MCP Servers
What is MCP?
The Model Context Protocol (MCP) is an open standard that lets AI assistants connect to external tools and data sources. Think of MCP servers as plugins — they give Claude access to databases, APIs, documentation, and more.
Conare makes MCP management visual and painless.
Adding a Server
One-Paste Setup
Most MCP providers give you a command like:
claude mcp add context7 -- npx -y @context7/mcp
In Conare, open the MCP Panel, click Add Server, and paste that command directly. Conare parses it automatically:
- Server name →
context7 - Transport →
stdio(default) - Command →
npx - Args →
-y @context7/mcp - Flags →
--env,--header,--scopeall supported
Click Add and you're done.
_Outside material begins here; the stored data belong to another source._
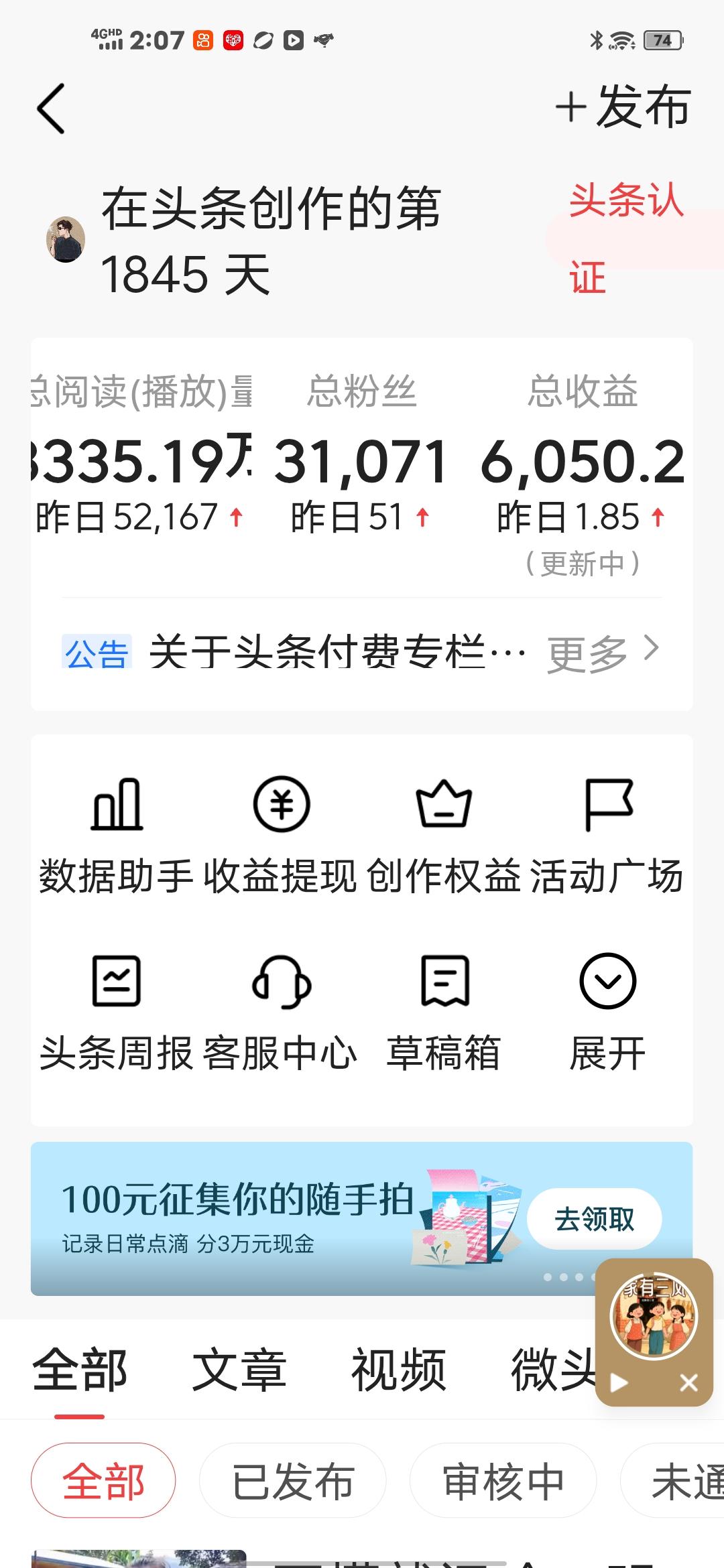 5万多阅读量涨粉51个收益1块8毛多钱,够不够买一个大馒头。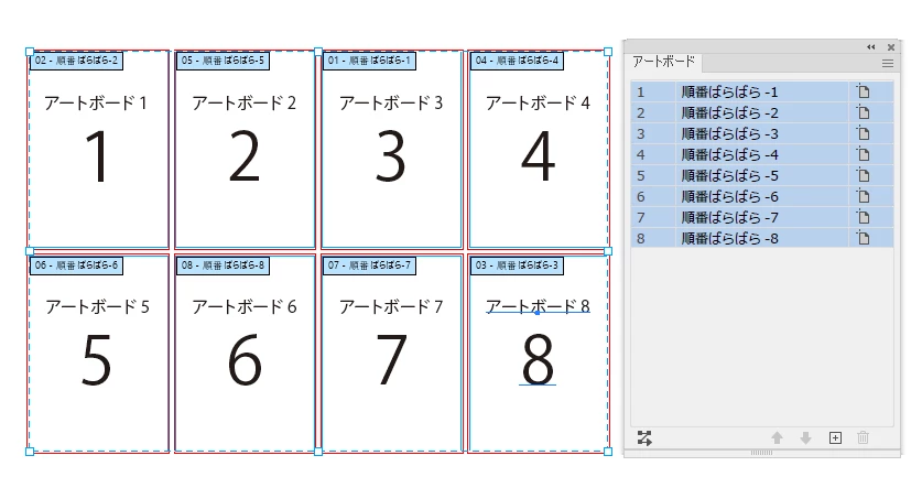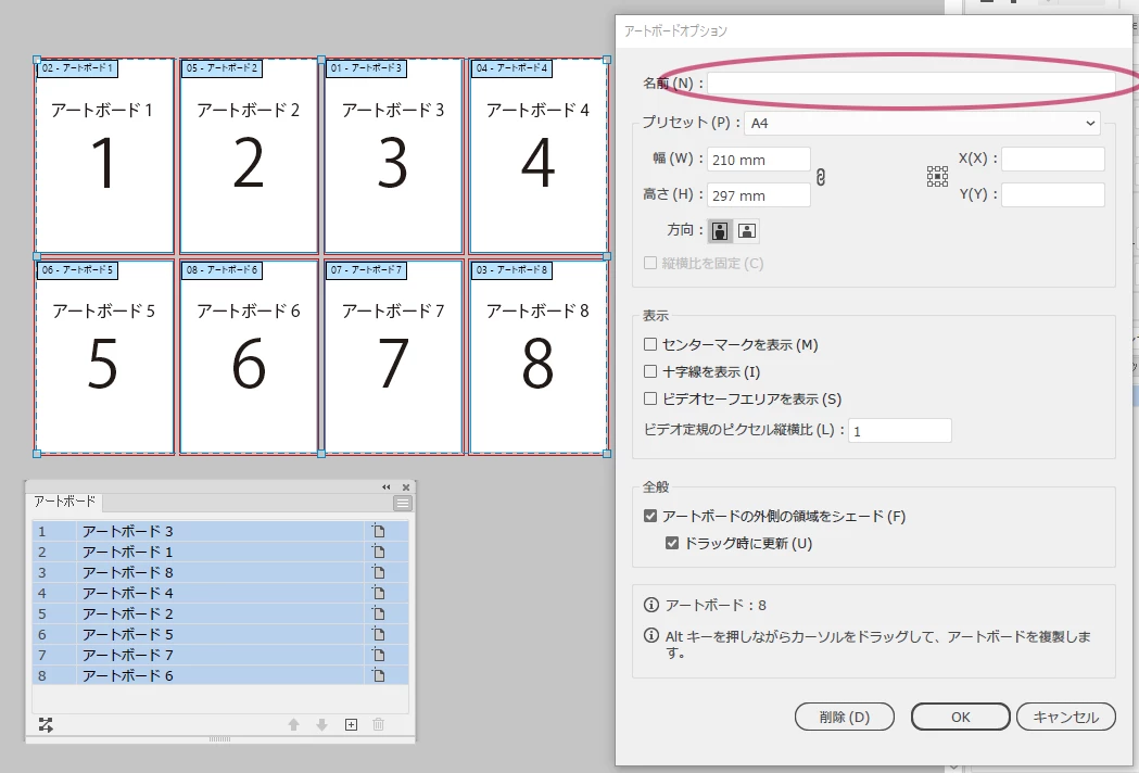 アートボードを+マークで追加する場合、1.2.3.4と順番に名前が付きますが、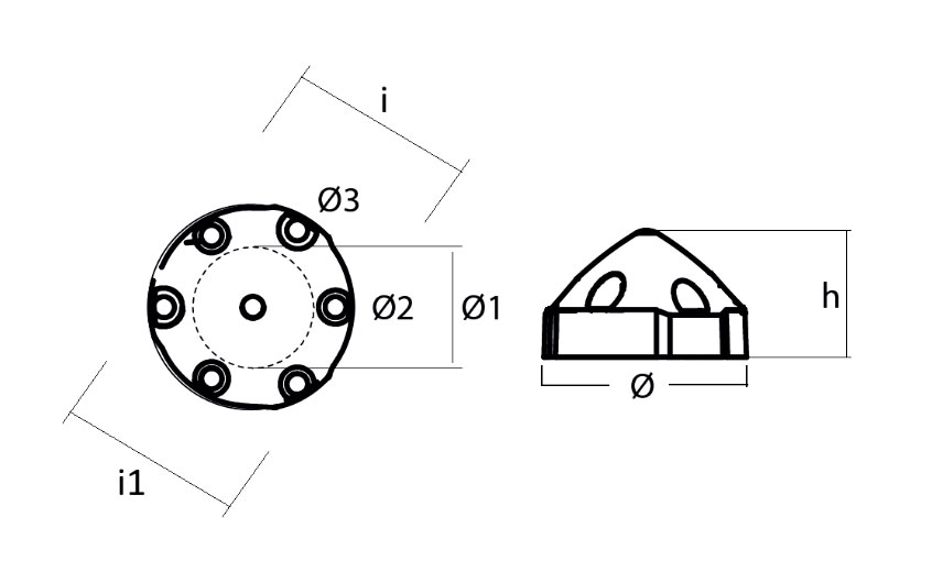 | Referencia | Peso | h | i | i1 | Ø | Ø1 | Ø2 | Ø3 | Cubierta del eje |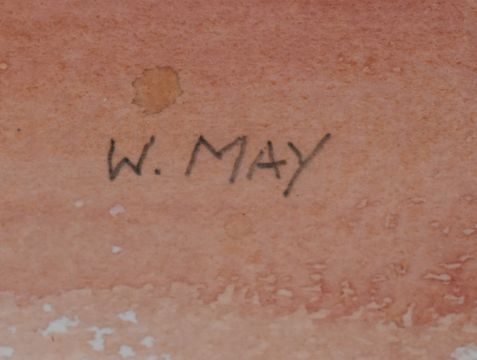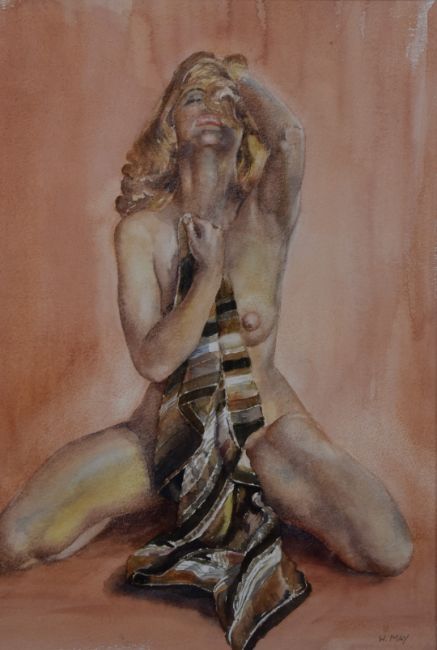 Wilfred May (1922-2007) watercolour study of a nude woman with a silk scarf, signed lower right 38 x 26cm, in gilt frame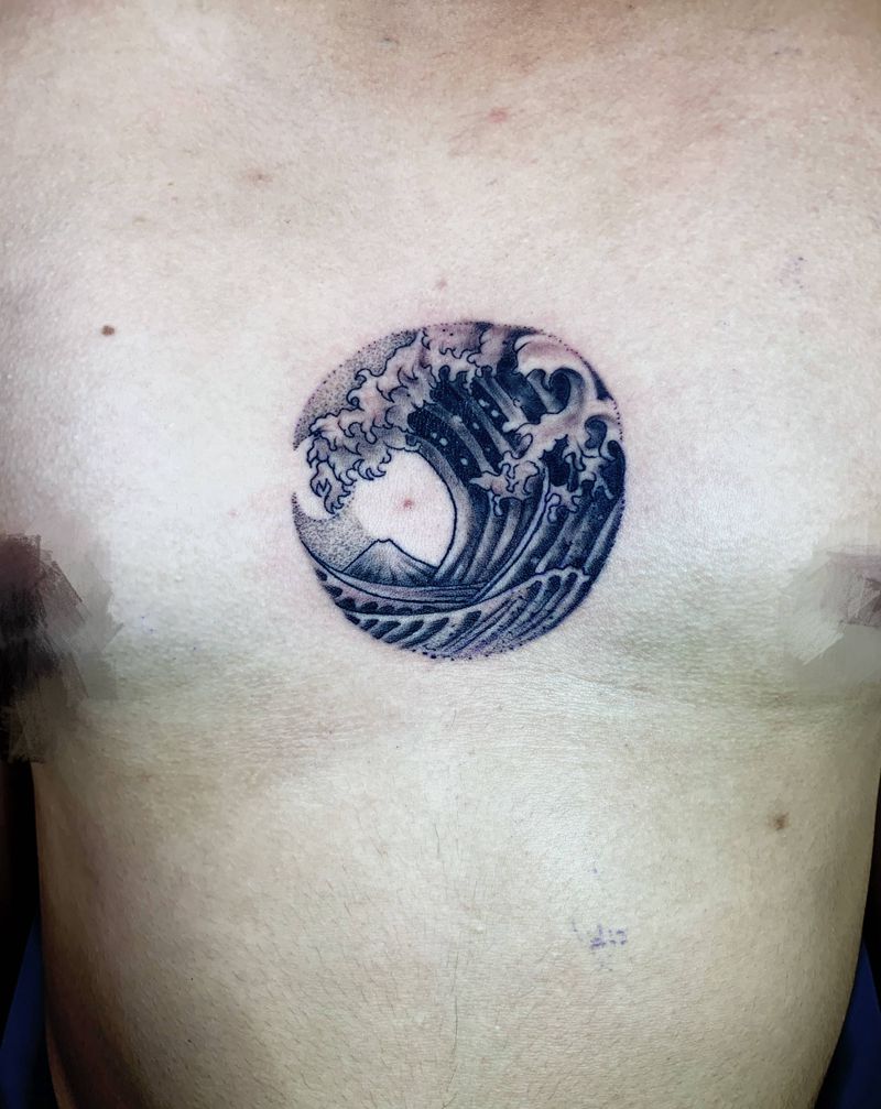 传统浪花纹身图片_胸部老传统点刺纹身图案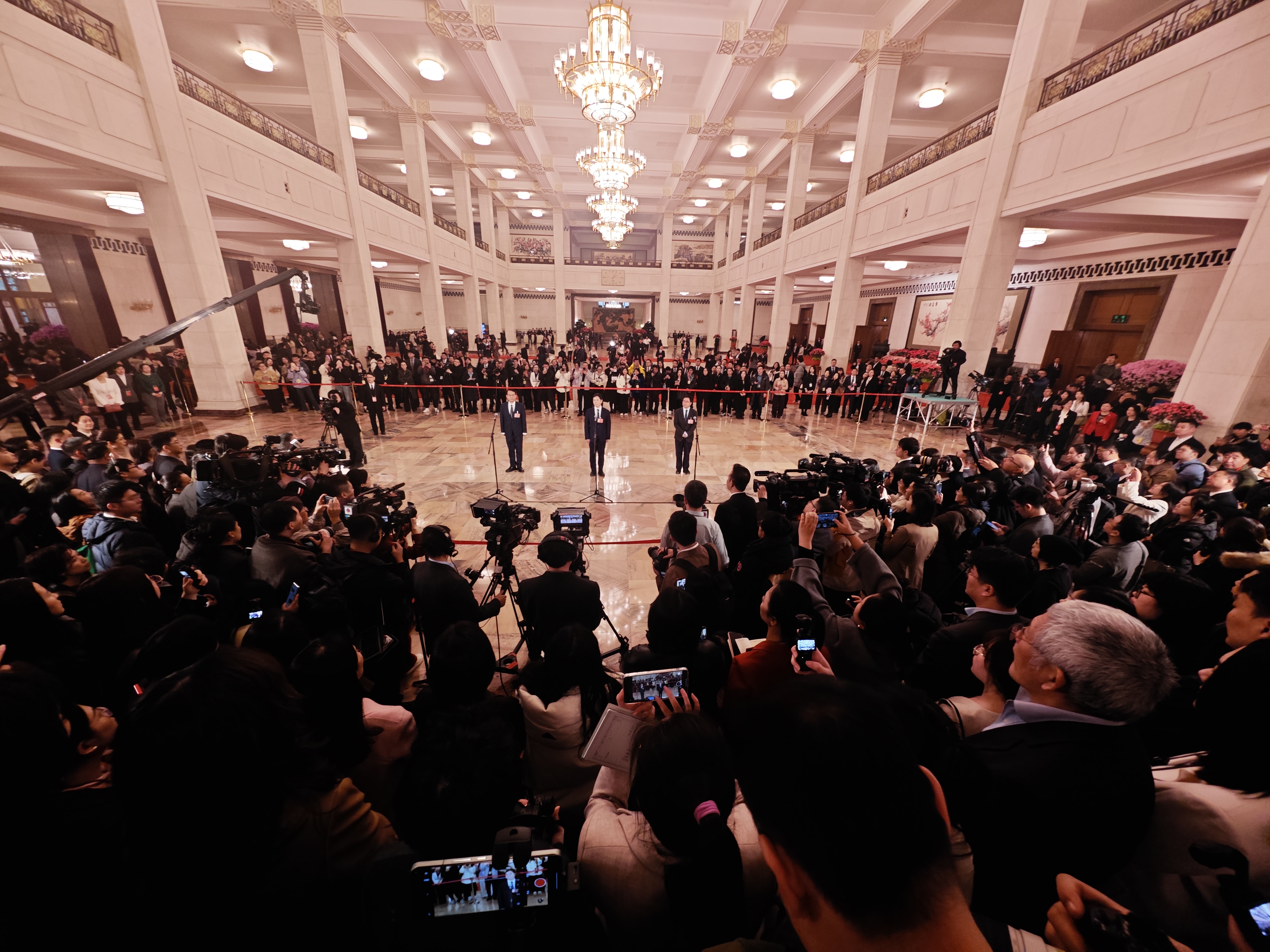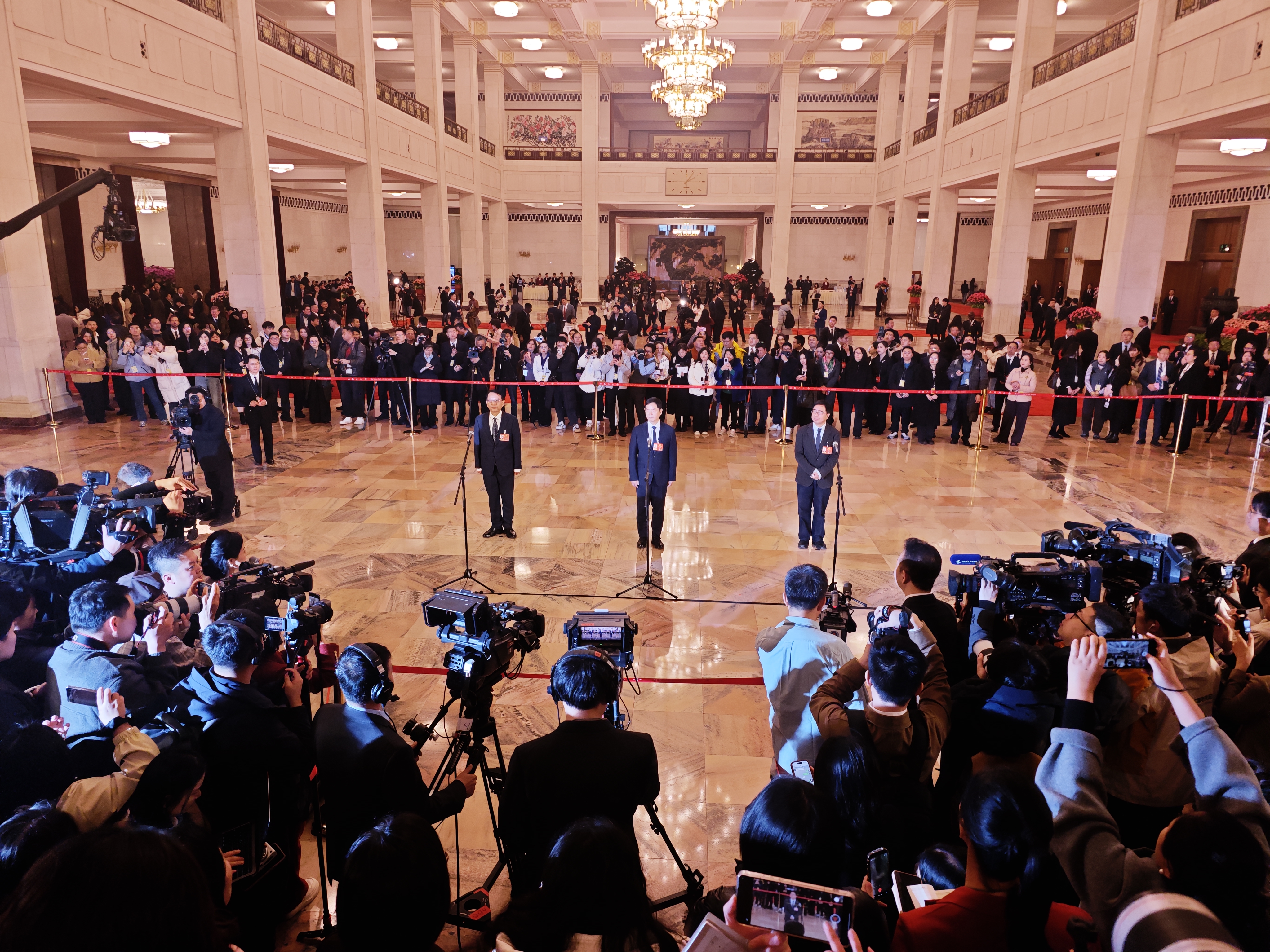 今天(3月4日)下午,全国政协十四届四次会议首场“委员通道”在人民大会堂举行。人民政协报记者 贾宁 摄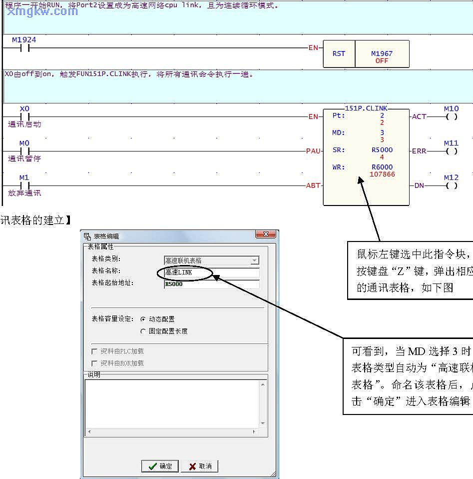 鼠標左鍵選中此指令塊,按鍵盤(pán)“Z”鍵,彈出相應的通訊表格,如下圖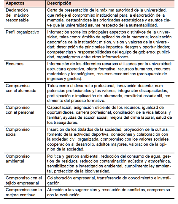 Sin embargo, la principal contribución del Foro de Consejos Sociales (2009:13) de las Universidades Andaluzas es el diseño de una memoria de rsu o de sostenibilidad aplicable al sistema universitario andaluz. Dichas memorias son: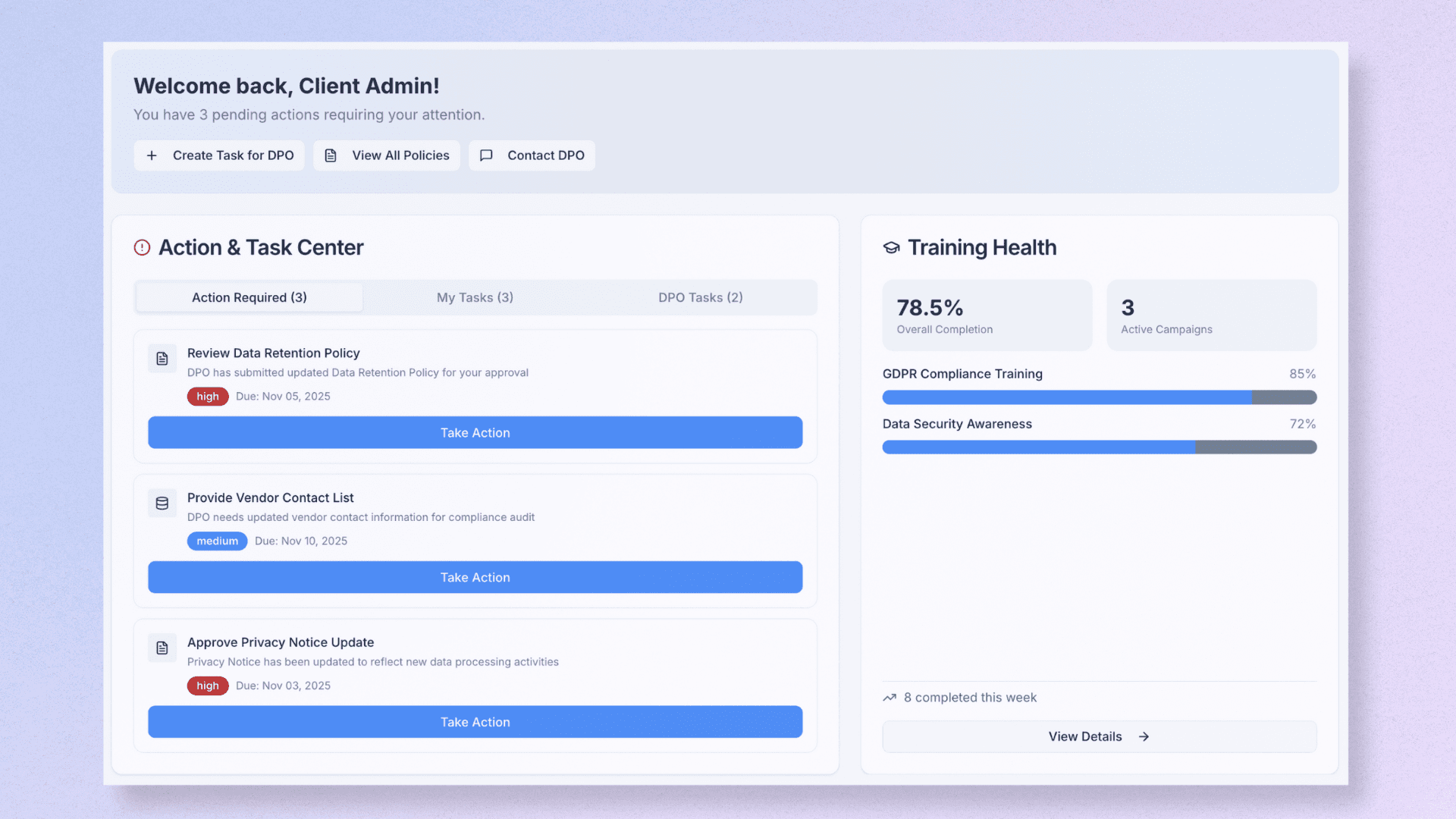 Guided actions fed directly into the DPO’s evidence trail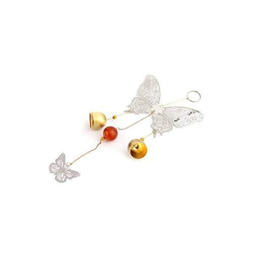 lachineuse - Carillon à Vent Papillon - Carillon Extérieur en Bois & Métal - Carillon Métallique avec Clochettes - Coloris Blanc & Doré - Idéal pour Extérieur, Intérieur, Jardin - Ambiance Asie Chine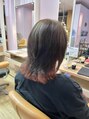 インナー部分をブリーチ1回で脱色し、グレージュで仕上げました!表面は8トーンのベージュ系で少し明るめにしています!

No JSON editing, no config files.
Manual Setup
For advanced use cases, the Add modal also has fields for:
- Transport type —
stdio(local process),sse(Server-Sent Events),http - Environment variables — key-value pairs passed to the server process
- Scope —
local(project only),project(workspace),user(global)
Server Health
Every server shows a real-time status indicator:
| Status | Icon | Meaning |
|---|---|---|
| Healthy | Server connected, tools available | |
| Needs Auth | OAuth required — click to authorize | |
| Error | Connection failed — check config | |
| Unknown | Not yet checked |
Hover over any server to see detailed status information.
OAuth Flow
Some MCP servers require authentication (GitHub, Notion, etc.). Conare handles the full OAuth 2.1 PKCE flow:
Click the auth button
On a server showing "Needs Auth", click the key icon.
Authorize in your browser
Conare opens your browser to the OAuth provider's authorization page. A local callback server spins up automatically.
Token saved automatically
After you approve, the token is captured and injected into Claude Code's config. The server status flips to "Healthy".
Token Cost Tracking
Each MCP server adds tools to Claude's context window, which costs tokens. Conare shows the exact token count per server — not just the number of tools, but the actual context window impact.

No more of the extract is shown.